- The Washington Times - Friday, July 19, 2002

TORONTO Sam Perlozzo wants to be a major league manager. Last night he found out just how much the job involves.

Filling in for Mike Hargrove for one night, the Baltimore Orioles' bench coach was forced to make several crucial decisions that had a direct effect on the outcome of the game against the Toronto Blue Jays. Some worked and some didn't in a tough 5-4 loss before 17,004 at SkyDome.

"I was probably rooting a little bit more [than usual]," Perlozzo said of trying to win in his first crack at the helm of a big league club.

A major league coach for the last 16 seasons, Perlozzo was pressed into managerial duties while Hargrove attended a memorial service in Cleveland for longtime Indians trainer Jimmy Warfield. Perlozzo, who managed in the New York Mets' farm system from 1982 to 1986, faced some difficult decisions, from pulling his starting pitcher after only four innings to choosing how best to try to pull off a late comeback on the road.

The decision to remove starter Travis Driskill proved a good one. Thanks to four shutout innings of relief by Chris Brock, B.J. Ryan and Willis Roberts, the Orioles kept themselves in the game and nearly rallied from a 5-1 deficit.

They pulled within one run of the Blue Jays and threatened to tie the game in both the eighth and ninth innings. But each time Baltimore stranded a pair of runners on base, leaving a few managerial decisions up for debate.

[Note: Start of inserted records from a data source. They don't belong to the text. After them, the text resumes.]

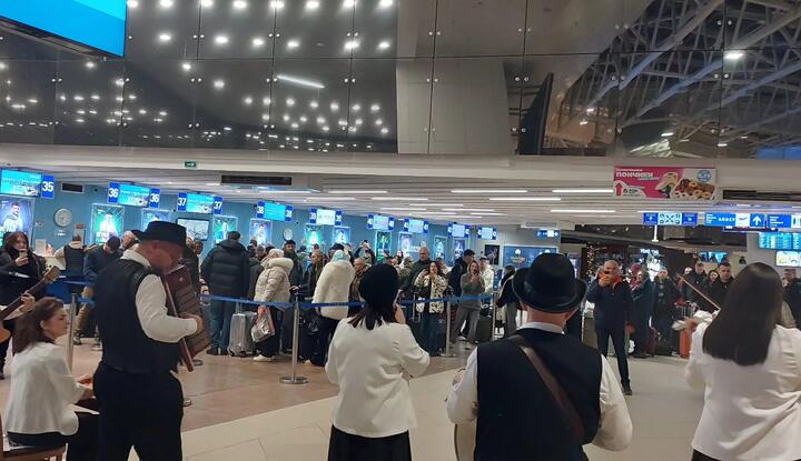 Пассажиры отправились из Минска в Тель-Авив в 7.10. Перед этим у стоек регистрации по случаю открытия рейса выступал ансамбль еврейской музыки «Шир».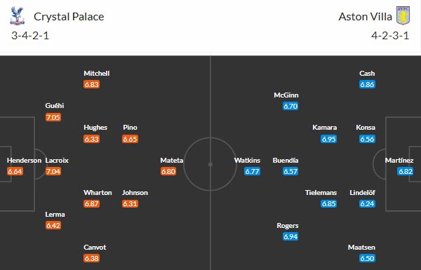 Đội hình dự kiến Crystal Palace vs Aston Villa: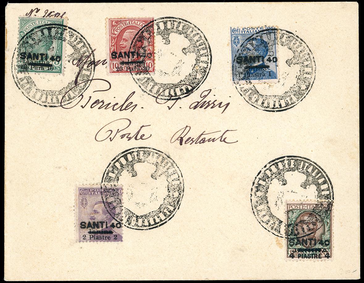 ALBANIA UFFICIO POSTALE ITALIANO 1914 - 10 pa., 20 pa., 1 pi., 2 pi., 4 pi. (Giannina 1/2,4/6), con soprastampa semiufficiale "SANTI 40", perfetti, annullati su busta non viaggiata con lo speciale bollo in negativo.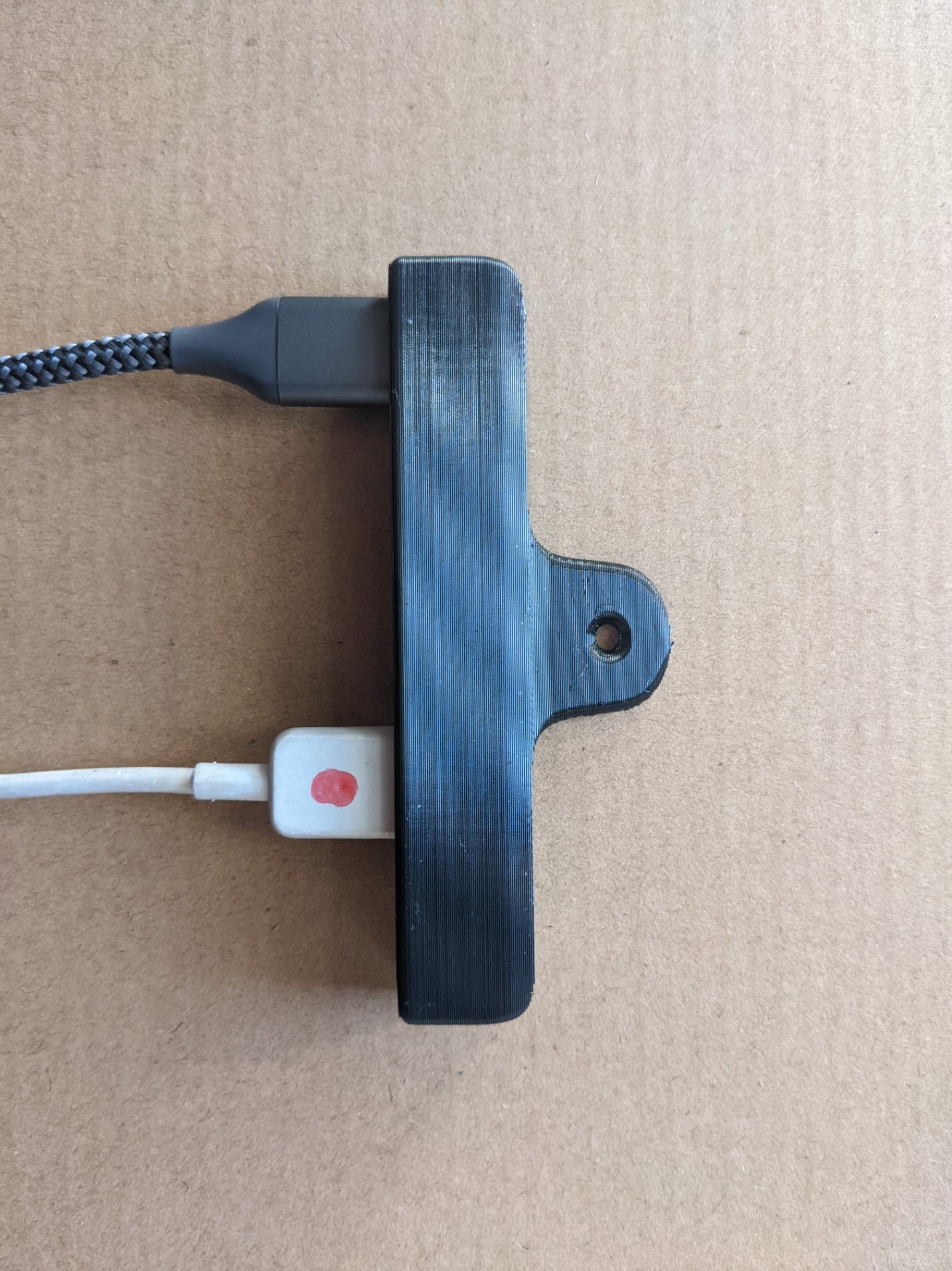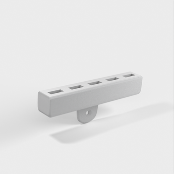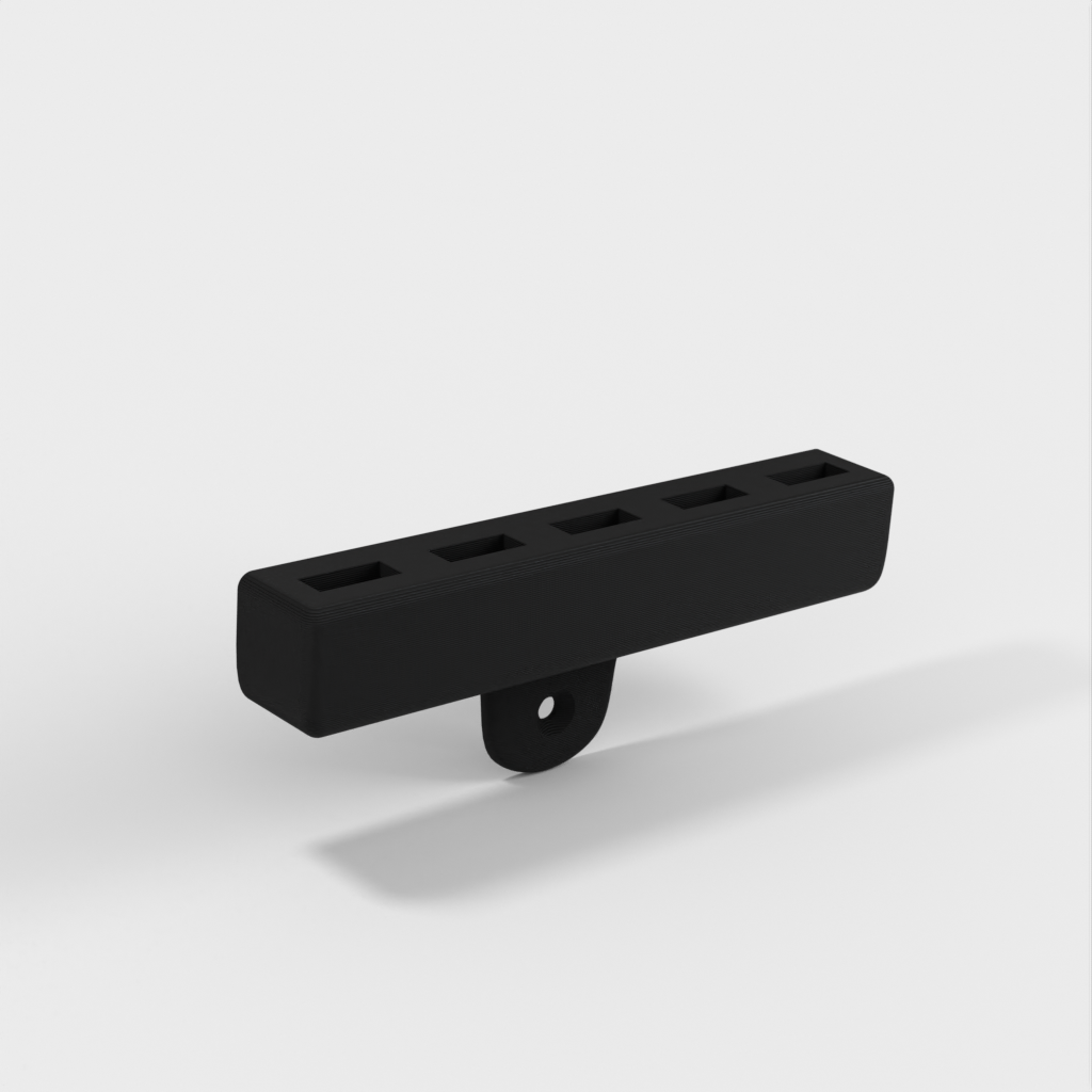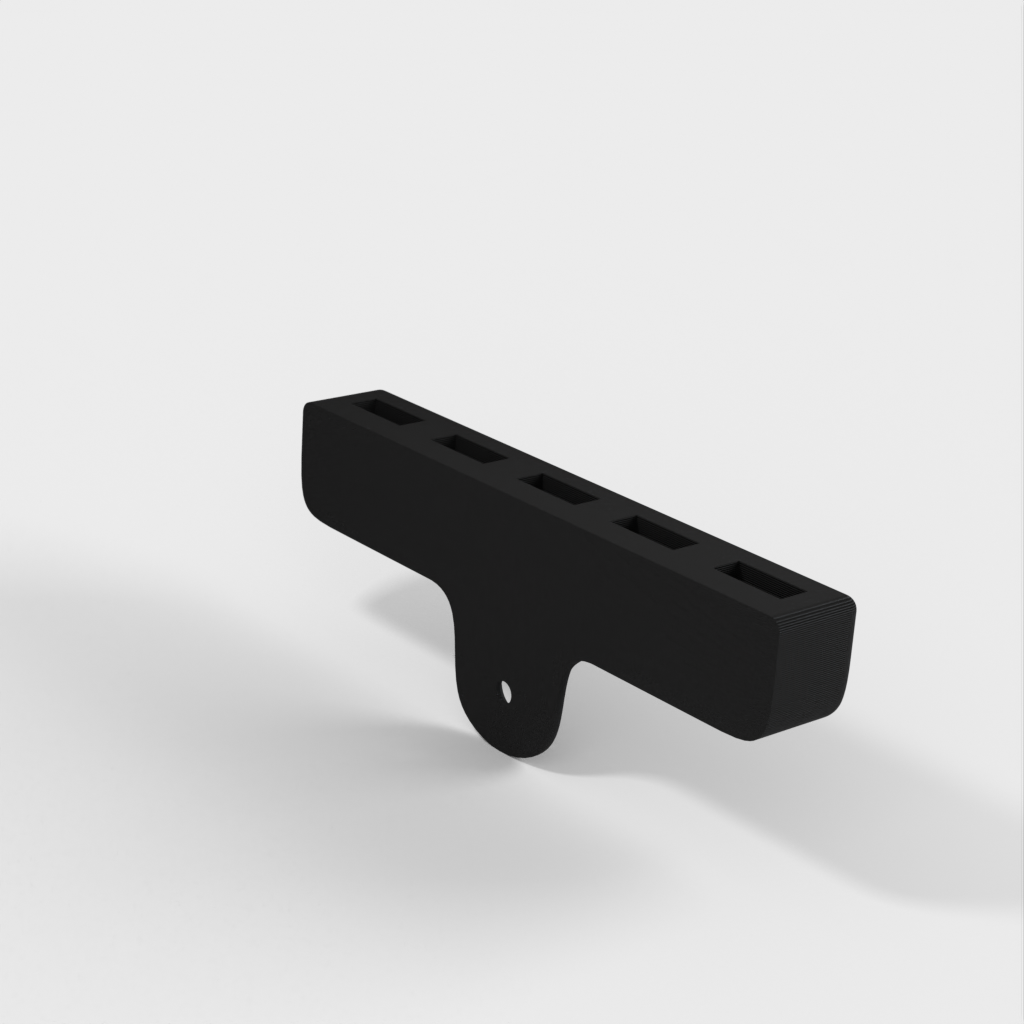 Este es un soporte USB con espacio para 5 cables diseñado para colgar en la pared junto a su escritorio, manteniendo sus cables fuera del camino pero fácilmente accesibles. El producto está diseñado para colgar hacia abajo y se fija a la pared mediante tornillos. Es necesario tener un poco de cuidado a la hora de atornillarlo a la pared para no partir la parte superior.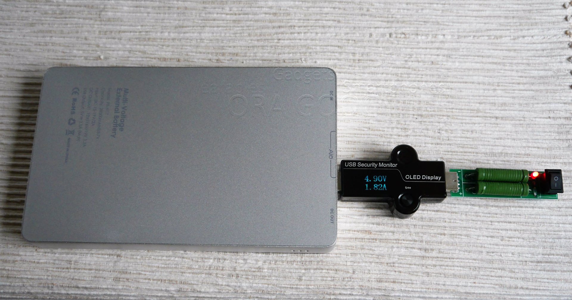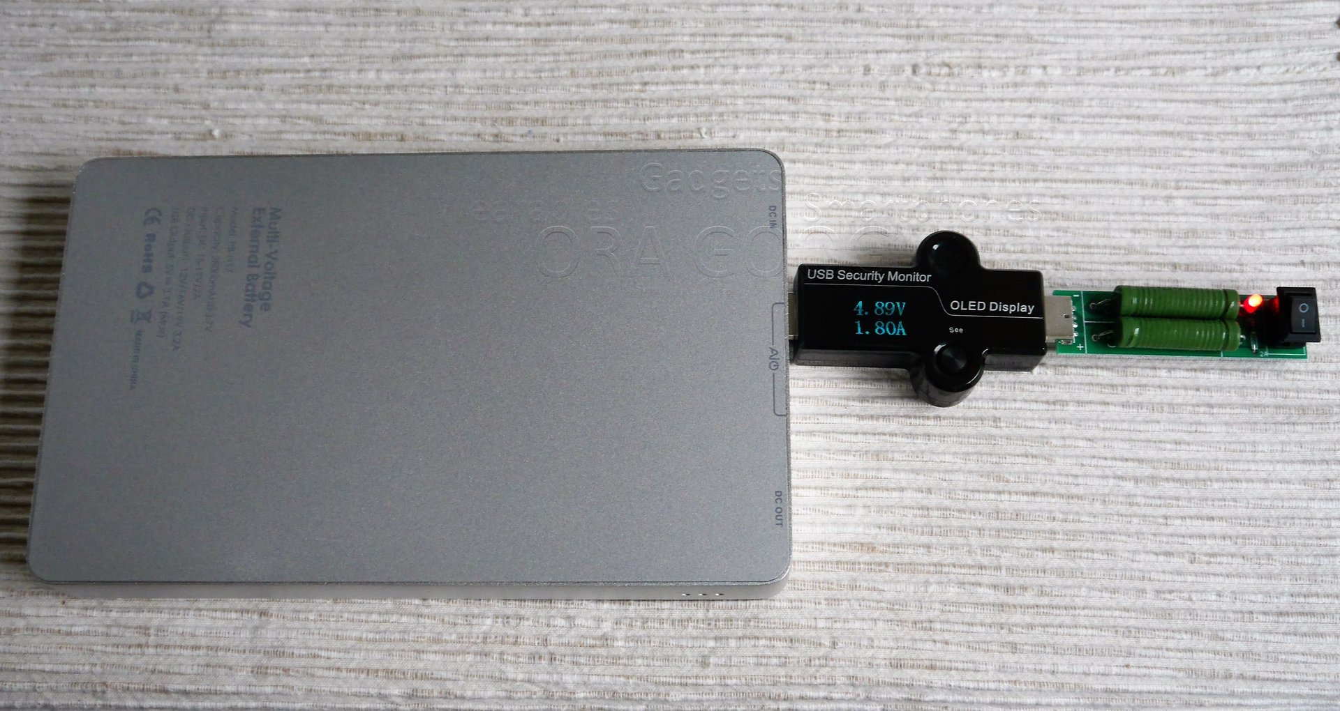 Ausgemessen habe ich beide USB Ladeausgänge bezüglich des zu entnehmenden Stroms. der angeschlossene Entladewiderstand hätte eigentlich an 5V 2A fließen lassen sollen. Beide Ausgänge lieferten aber nur knapp 5V (siehe Foto).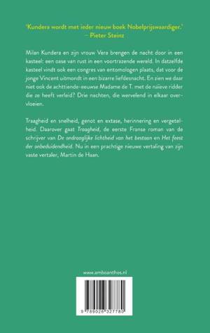 Traagheid en snelheid, genot en extase, herinnering en vergetelheid. Daarover gaat Traagheid van Milan Kundera, de eerste Franse roman van de schrijver van De ondraaglijke lichtheid van het bestaan en Het feest der onbeduidendheid. Nu in een prachtige nieuwe vertaling van zijn vaste vertaler, Martin de Haan. In Traagheid brengen Milan Kundera en zijn vrouw Vera de nacht door in een kasteel: een oase van rust in een voortrazende wereld. In datzelfde kasteel vindt ook een congres van insectologen plaats, dat voor de jonge Vincent uitmondt in een bizarre liefdesnacht. En zien we daar niet ook de achttiende-eeuwse Madame de T*** met de naïeve chevalier die ze heeft verleid? Drie nachten, die wervelend in elkaar overvloeien.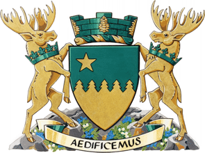 Les deux supports de chaque côté de l'écu représentent un orignal nordique aux colliers originaux. L'orignal est un symbole unique et puissant du Nord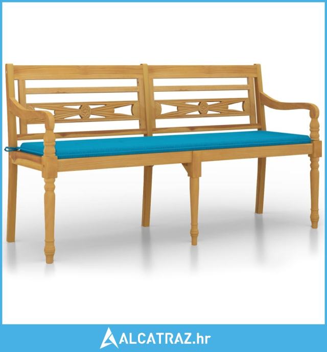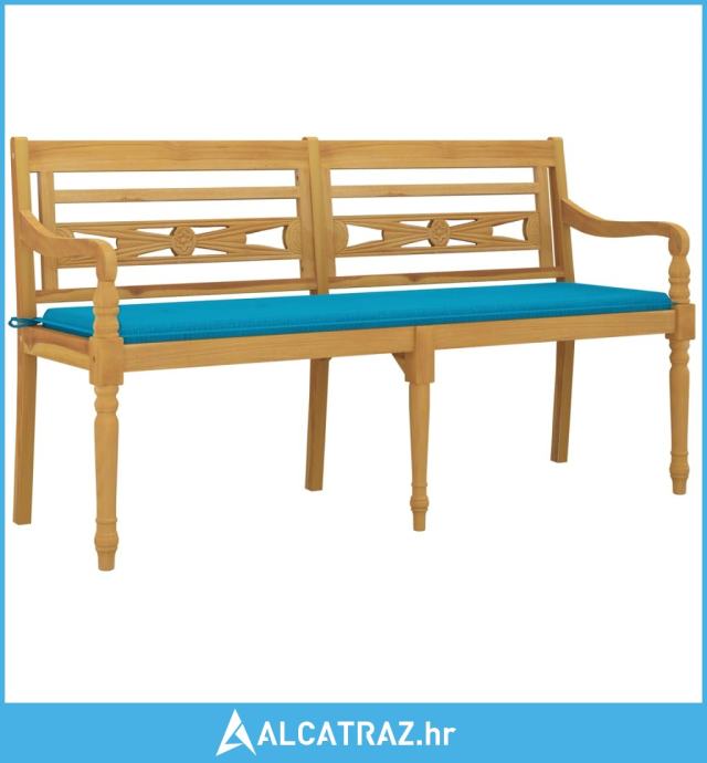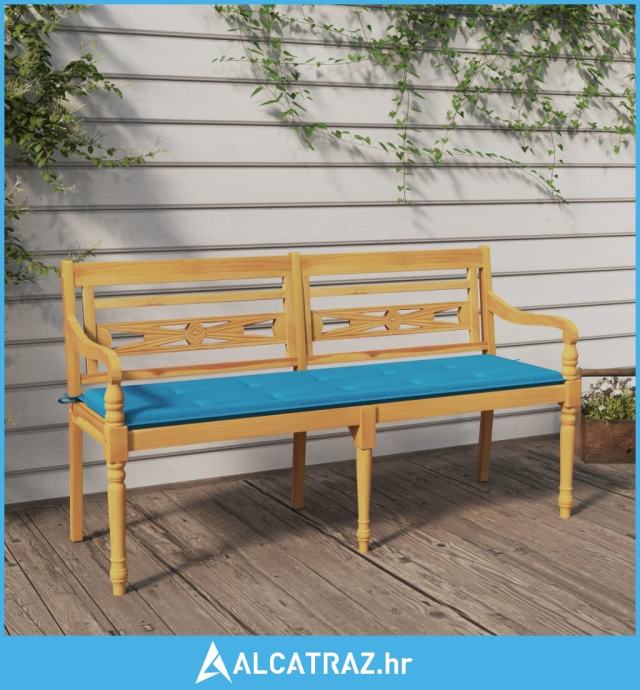 Klupa Batavia s plavim jastukom 150 cm od masivne tikovine - NOVO

With runners on first and second and one out in the eighth, backup catcher Brook Fordyce came up against Toronto reliever Cliff Politte. Opposing right-handed hitters are batting just .154 against Politte, so Perlozzo could have elected to pinch hit for the light-hitting Fordyce. He chose to stand pat, though, and Fordyce wound up striking out. Jerry Hairston followed with a soft liner to first to end the inning.

Facing Blue Jays closer Kelvim Escobar in the ninth, Baltimore threatened again. Melvin Mora was plunked in the left hand the third time the Orioles shortstop was hit by a pitch last night, tying a major league record.

Perlozzo considered giving Mora the steal sign but was concerned about Escobar's quick move to the plate. He also could have had Chris Singleton lay down a sacrifice bunt but elected to let his No.2 hitter swing away.

"You can play for a tie if you want to play for a tie," Perlozzo said. "But we had the top of the order up there and at that point in time, I'd rather see him get a base hit for us. I thought that was the aggressive way to think."

Singleton ultimately flied out to left and Gary Matthews Jr. struck out swinging. Tony Batista singled to left with two out, which likely would have scored Mora had he been on second, but instead left the game in the hands of rookie Jose Leon, who had entered in the seventh inning for first baseman Jay Gibbons.

Leon popped out to second, ending the game and sending the Orioles to a two-game sweep by the Blue Jays after sleepwalking through a 7-1 loss the night before.

Driskill (6-3) labored through one of his worst outings, allowing five runs in four innings. Unable to command his fastball, the rookie right-hander was forced to rely more on his split-finger fastball, one of which was tagged by Jose Cruz Jr. for a three-run homer in the third.

Driskill (6-3) gave up another run in the fourth, and Perlozzo and pitching coach Mark Wiley decided that was enough. Brock entered from the bullpen, and Driskill was left to stew over his third loss in four starts.

"Right now I'm doing everything that I can do to be unsuccessful," he said. "I can't get ahead of hitters. I can't get back in the count when I do fall behind. And if I do get ahead, I can't even put them away and keep them from driving in runs."

Notes Gibbons will have an MRI taken on his aching right wrist today in Baltimore. The second-year first baseman asked out of last night's game in the seventh inning when his surgically repaired wrist went numb. "At that point, I'm not helping the team, so I pulled myself out of the game," he said. "I'll go to the doctor and get it checked out, but I expect to play [tonight]."

Gibbons, who broke the hamate bone in his wrist last Aug.4, is worried that there may be torn cartilage in the area, but he said he thinks he can play through the pain.

First baseman Ryan McGuire, who was designated for assignment Sunday, cleared waivers and was outrighted to Class AAA Rochester.